[INSTRUCTIONS TO FOLLOW]: Among the entries below, retype exactly the lines starting with the one with "Glass og profiler" and going on through the one with "MONDIAZ KURVE-DLUX Meuble", but not the pictures.

(DATA FOR THE TASK begins)

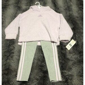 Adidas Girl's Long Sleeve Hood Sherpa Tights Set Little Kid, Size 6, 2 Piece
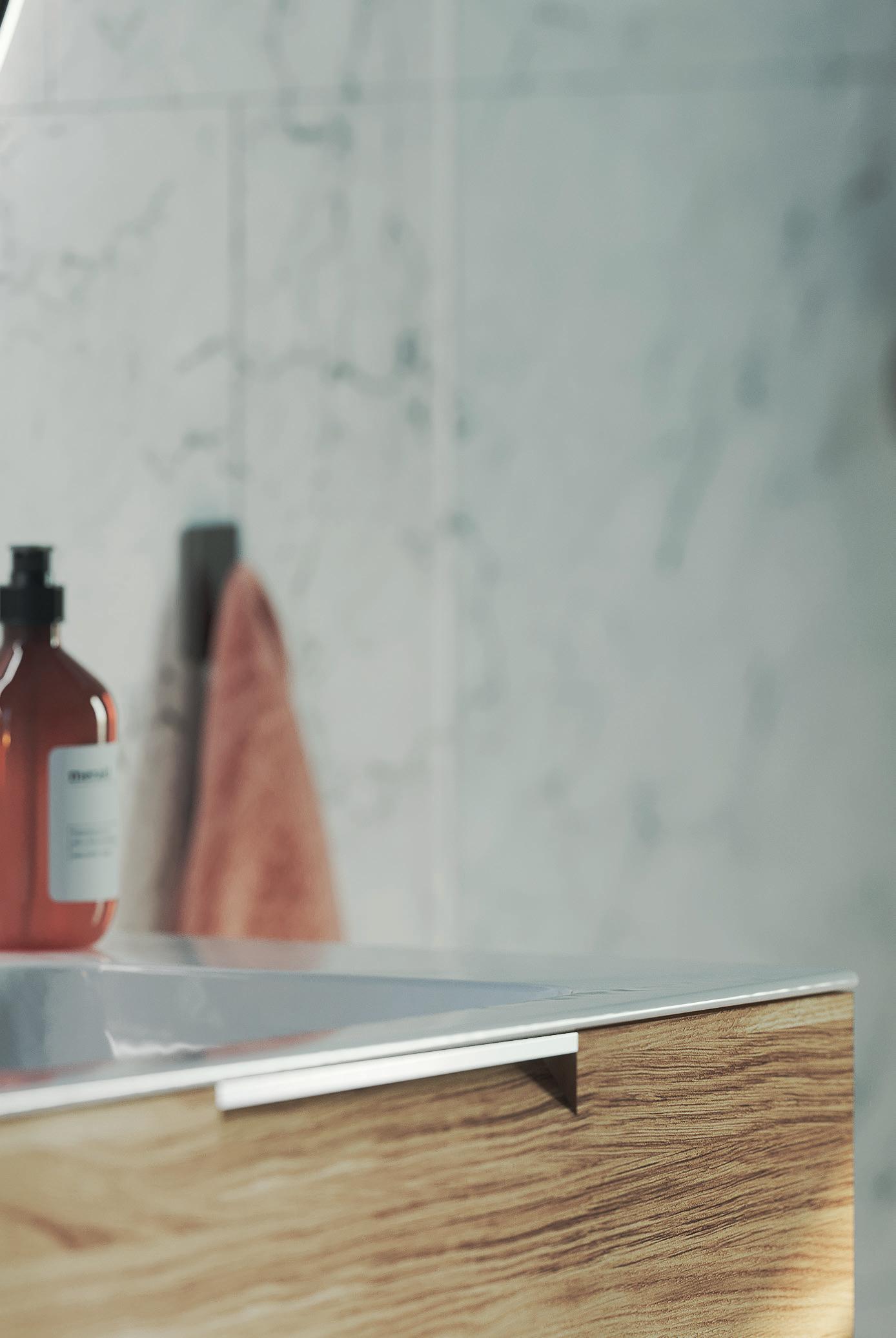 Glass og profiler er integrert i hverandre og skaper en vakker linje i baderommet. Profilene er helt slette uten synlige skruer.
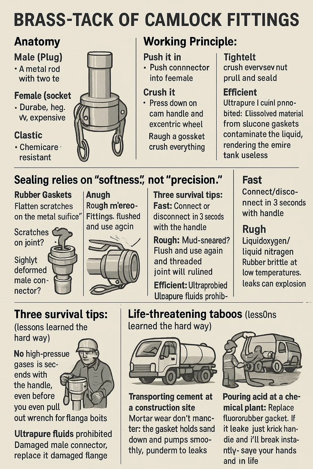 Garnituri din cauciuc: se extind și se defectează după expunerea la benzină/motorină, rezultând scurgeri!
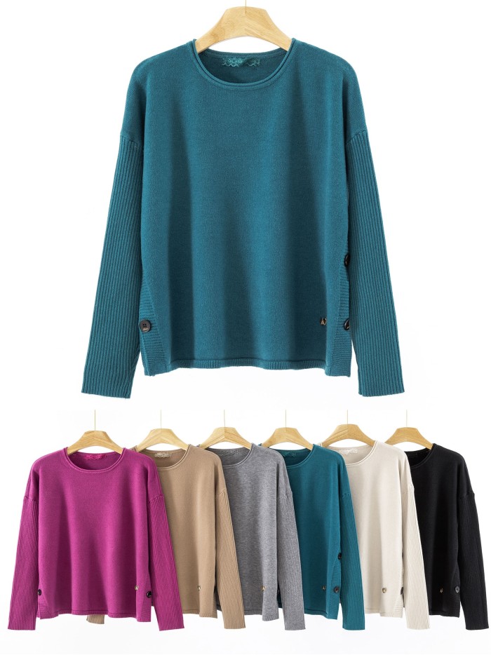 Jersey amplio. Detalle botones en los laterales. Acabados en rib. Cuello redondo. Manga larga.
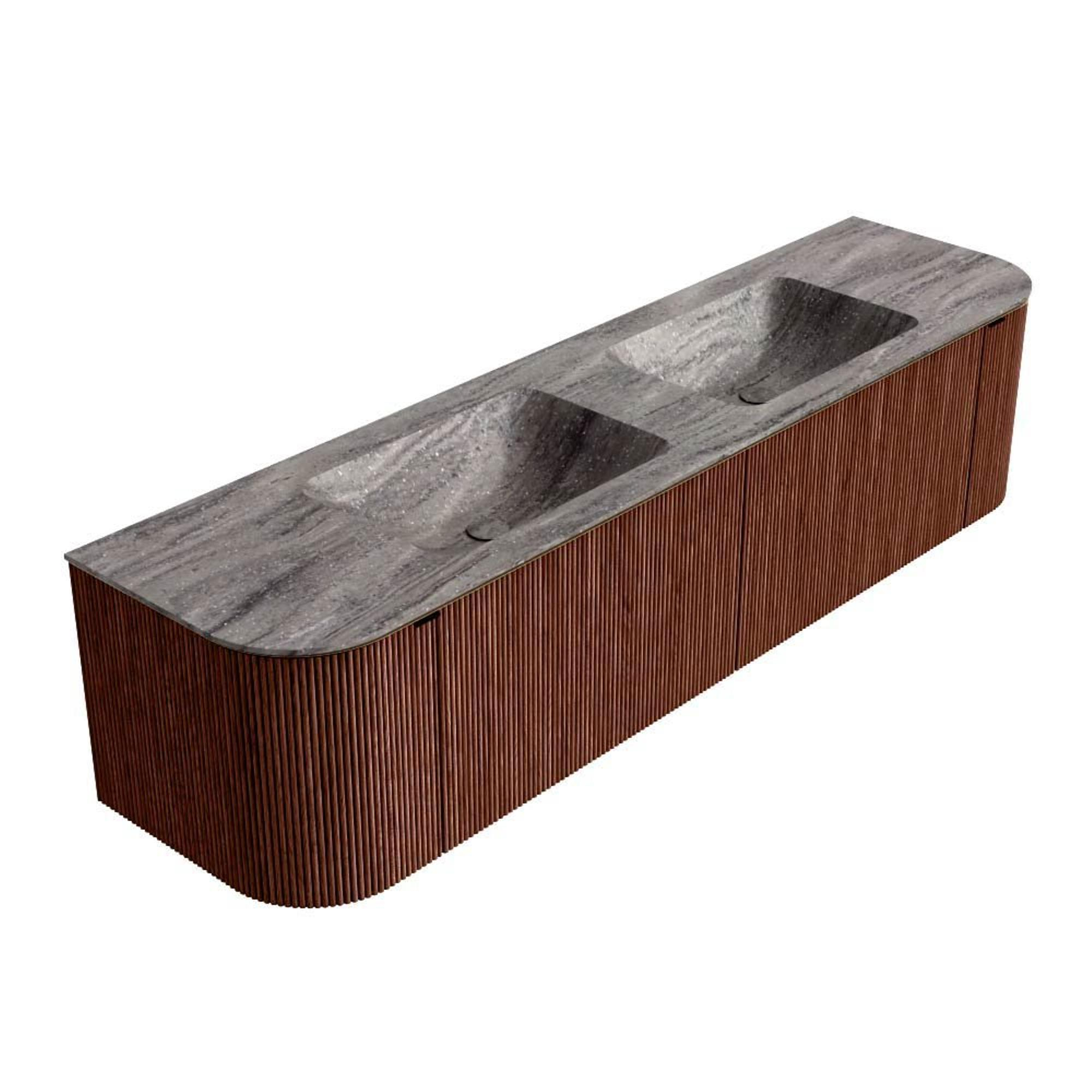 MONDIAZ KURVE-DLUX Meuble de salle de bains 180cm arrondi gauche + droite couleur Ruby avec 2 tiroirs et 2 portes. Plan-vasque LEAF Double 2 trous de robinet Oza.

(DATA FOR THE TASK ends)
(DATA FOR THE TASK begins)

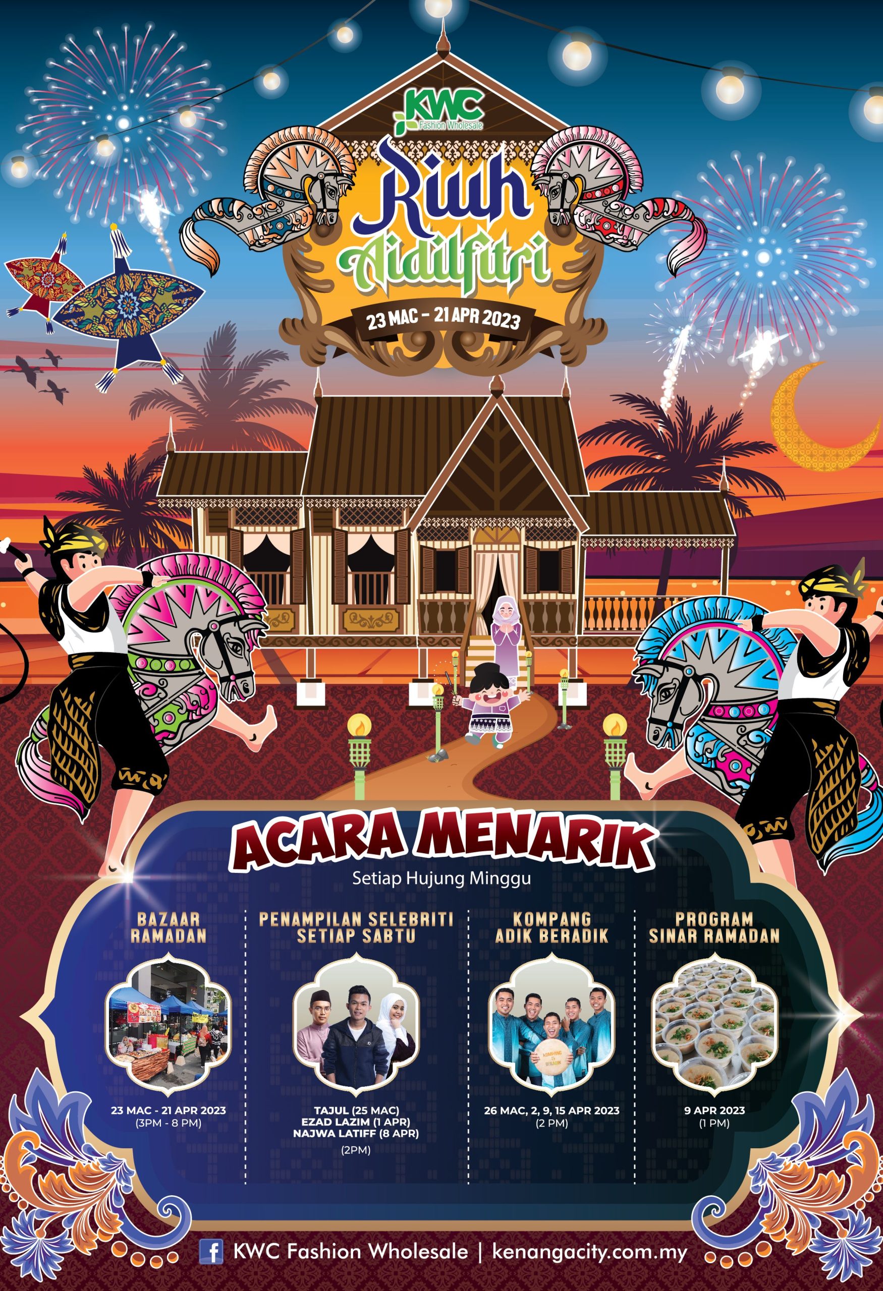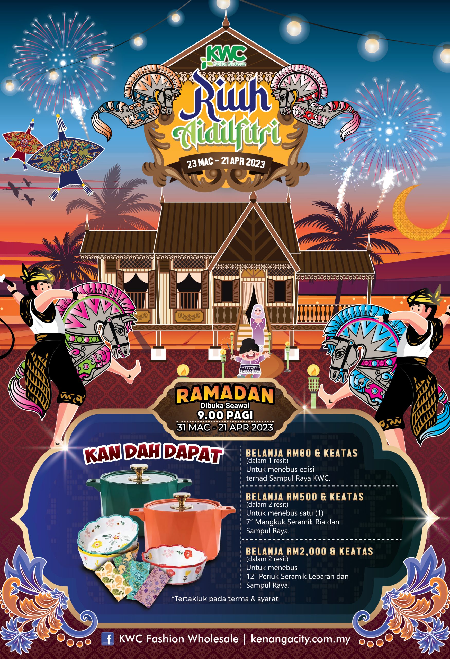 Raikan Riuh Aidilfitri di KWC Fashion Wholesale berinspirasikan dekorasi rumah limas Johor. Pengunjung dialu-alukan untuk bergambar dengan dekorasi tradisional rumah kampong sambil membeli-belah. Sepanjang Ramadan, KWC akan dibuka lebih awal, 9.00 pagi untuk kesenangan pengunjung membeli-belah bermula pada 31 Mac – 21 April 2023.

(DATA FOR THE TASK ends)

[TASK SOLUTION]:
 Glass og profiler er integrert i hverandre og skaper en vakker linje i baderommet. Profilene er helt slette uten synlige skruer.
 Garnituri din cauciuc: se extind și se defectează după expunerea la benzină/motorină, rezultând scurgeri!
 Jersey amplio. Detalle botones en los laterales. Acabados en rib. Cuello redondo. Manga larga.
 MONDIAZ KURVE-DLUX Meuble de salle de bains 180cm arrondi gauche + droite couleur Ruby avec 2 tiroirs et 2 portes. Plan-vasque LEAF Double 2 trous de robinet Oza.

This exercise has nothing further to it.